Classical music has a lot to learn

In June and July 1945 Yehudi Menuhin performed at camps for “displaced persons” – Holocaust survivors – including outside where the demolished Bergen-Belsen concentration camp had stood. He was deeply shocked by what he saw; yet in 1947 he returned to Germany to perform with the Berlin Philharmonic conducted by the recently de-Nazified Wilhelm Furtwängler. Menuhin was the first Jewish musician to perform in post-World War II Germany, explaining that he did so in order to support the rehabilitation of German music and to help heal the spirit of the German people. 

My header photo shows Menuhin playing Mozart's Violin Concerto No. 5 in 1966 with the Vienna Philharmonic conducted by the now fashionably-reviled Herbert von Karan. The Jerusalem Cinematheque - Israel Film Archive describes that collaboration as an example of how "how music can still contribute to reconciliation today".

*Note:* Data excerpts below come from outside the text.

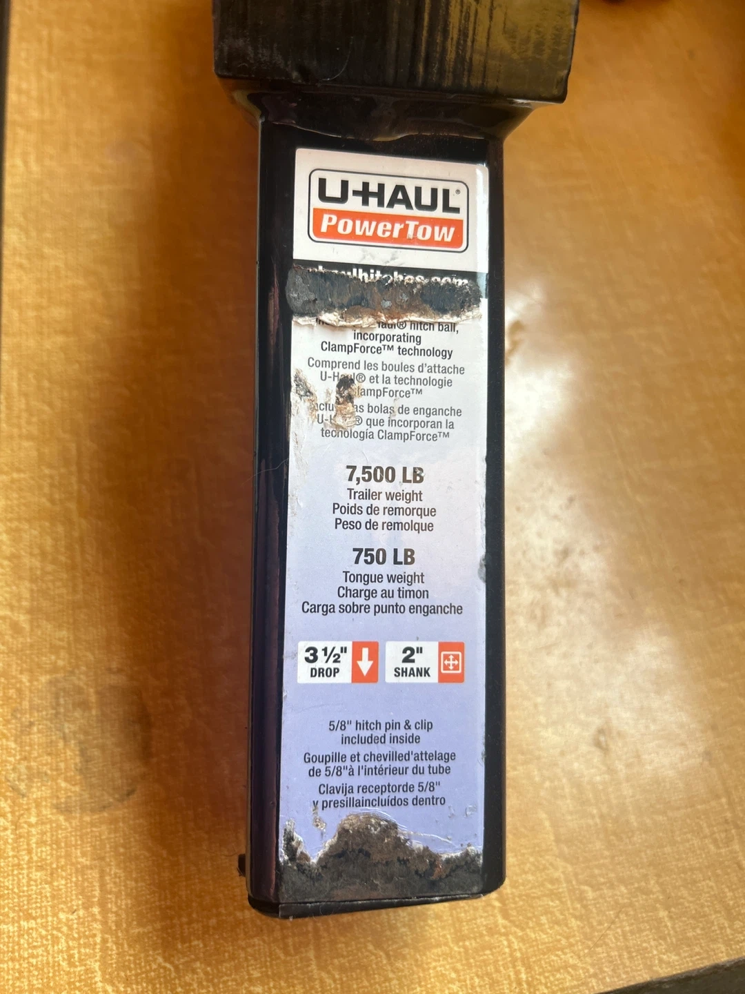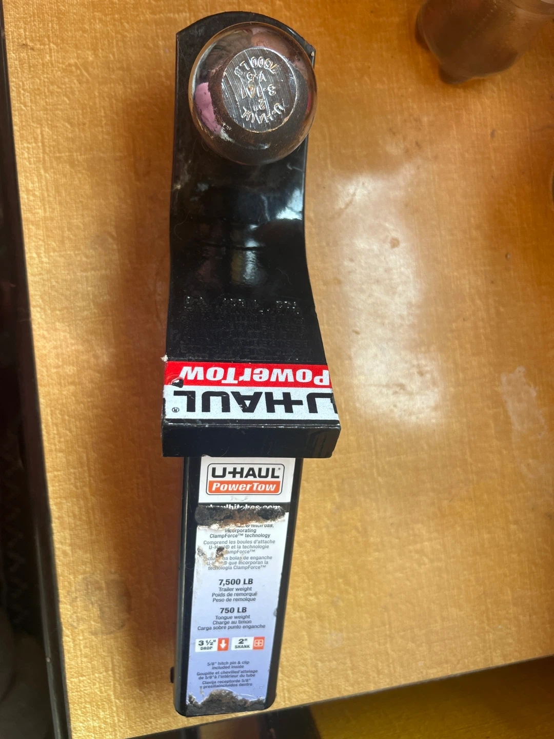 Selling a U-Haul PowerTow hitch ball mount! It has a trailer weight capacity of 7,500 LB and a tongue weight capacity of 750 LB. The drop is 3 1/2" and the shank is 2". Also includes a 5/8" hitch pin and clip. Only used once for pulling a trailer when I moved.
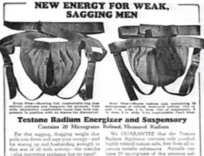 Dokaz, da je treba nove tehnologije uvajati počasi. Torej, ljudje so leta 1910 verjeli, da bodo, če jim bo iz testisov viselo 20 mikrogramov rafiniranega radija, postali bolj možati.
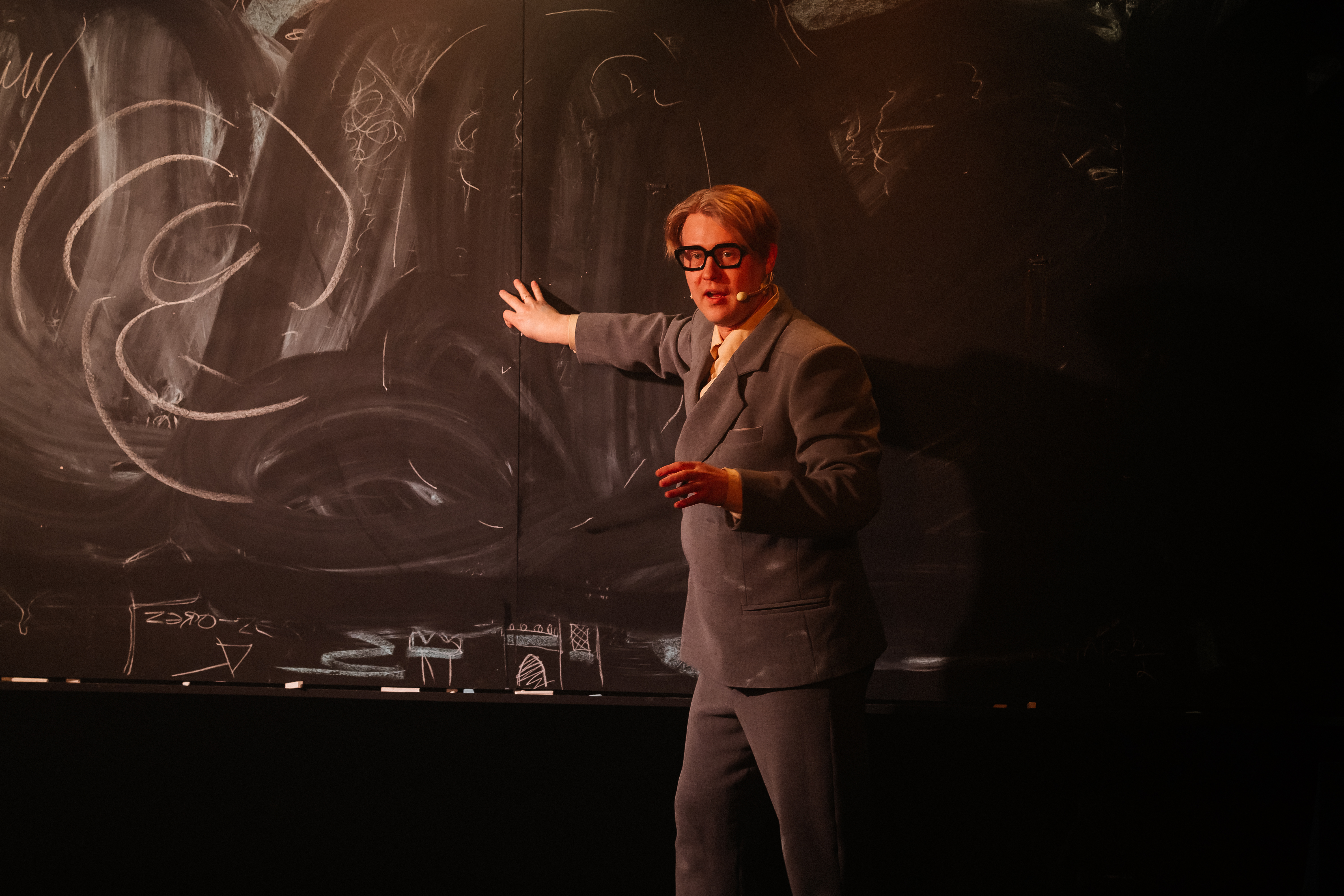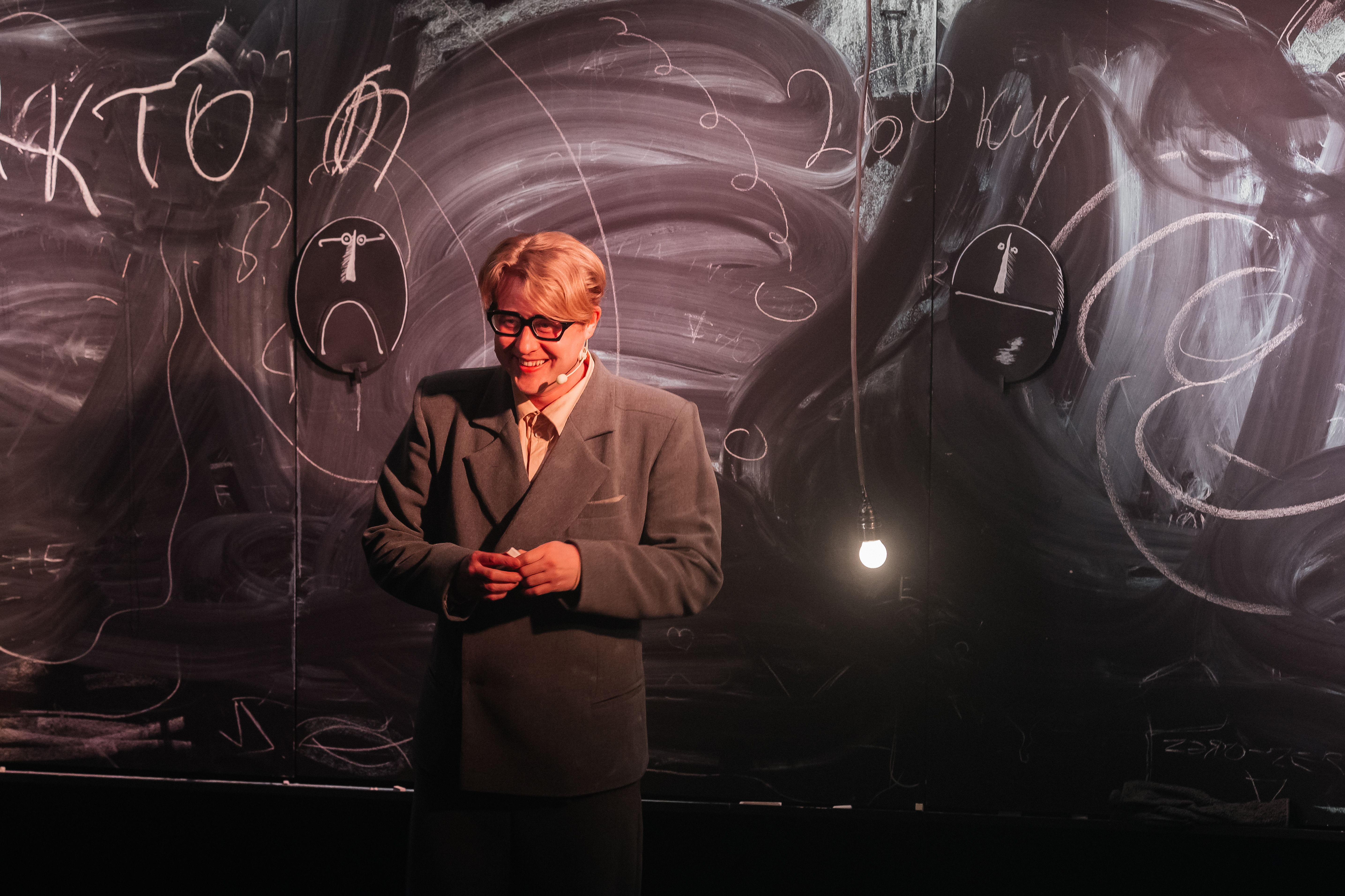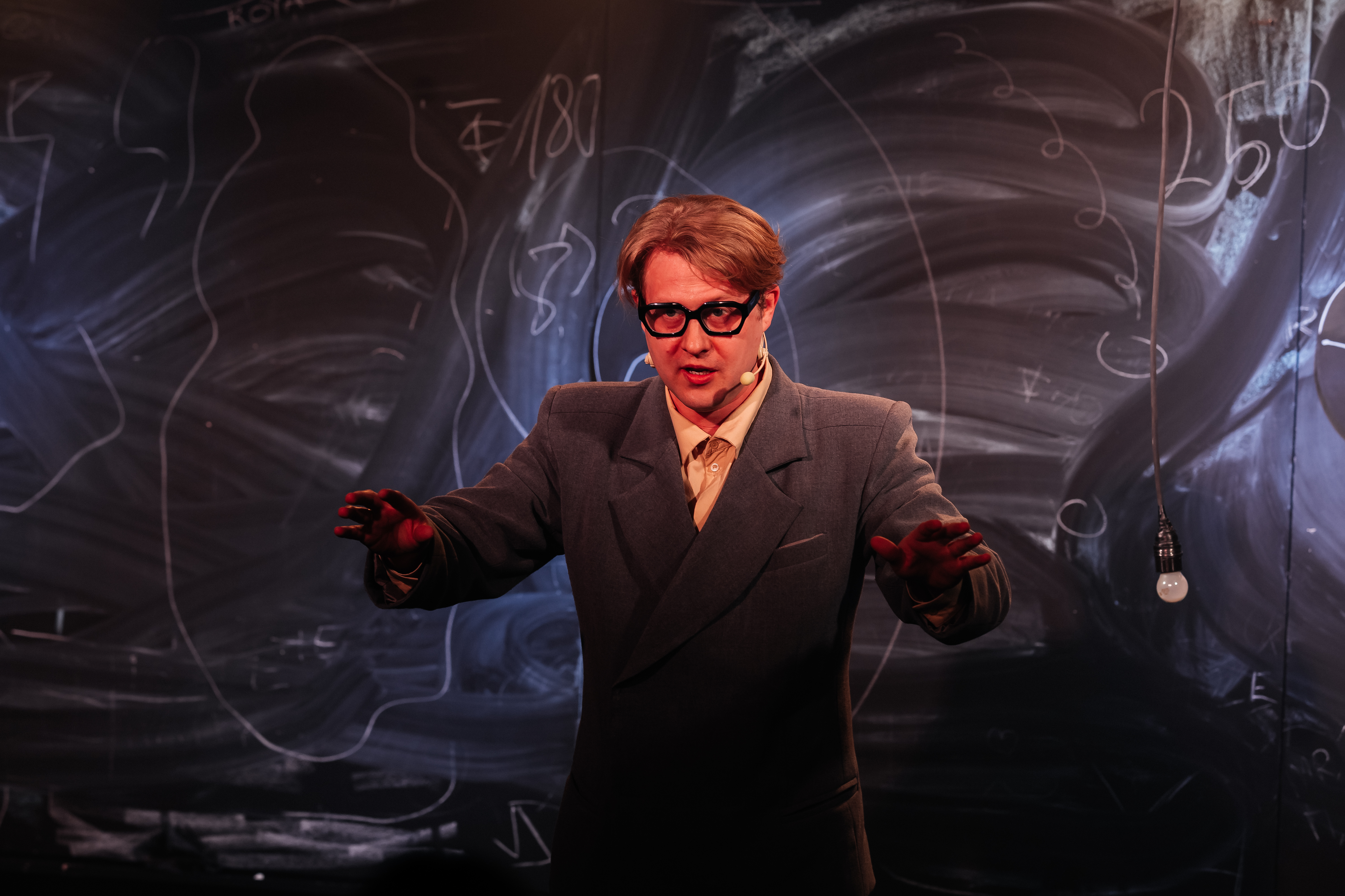 Этот спектакль – и биография, и научная лекция одновременно. На сцене – один актёр и простые предметы: доска и мел. Из них рождаются галактика и детство, юмор и любовь, болезнь и бесконечность. Театр предмета превращает научные идеи в игру, а биографию учёного – в путешествие по границам сознания. Это спектакль о человеке с большой буквы. О том, что формулы E=mc² достаточно, чтобы узнать откуда всё началось.

Coincidentally, or possibly not, both Menuhin and Karajan were yoga practitioners. Menuhin studied with the Indian yoga guru BKS Ivengar and Karajan with the German Jesuit priest and Zen master Father Hugo Enomiya-Lassalle. When the celebrated teacher of vipassanā meditation S.N. Goenka spoke at the Millenium World Peace Summit at the United Nations in New York in 2000 he explained that "Rather than converting people from one organised religion to another organised religion, we should try to convert people from misery to happiness, from bondage to liberation, and from cruelty to compassion".

Classical music today has a lot to learn.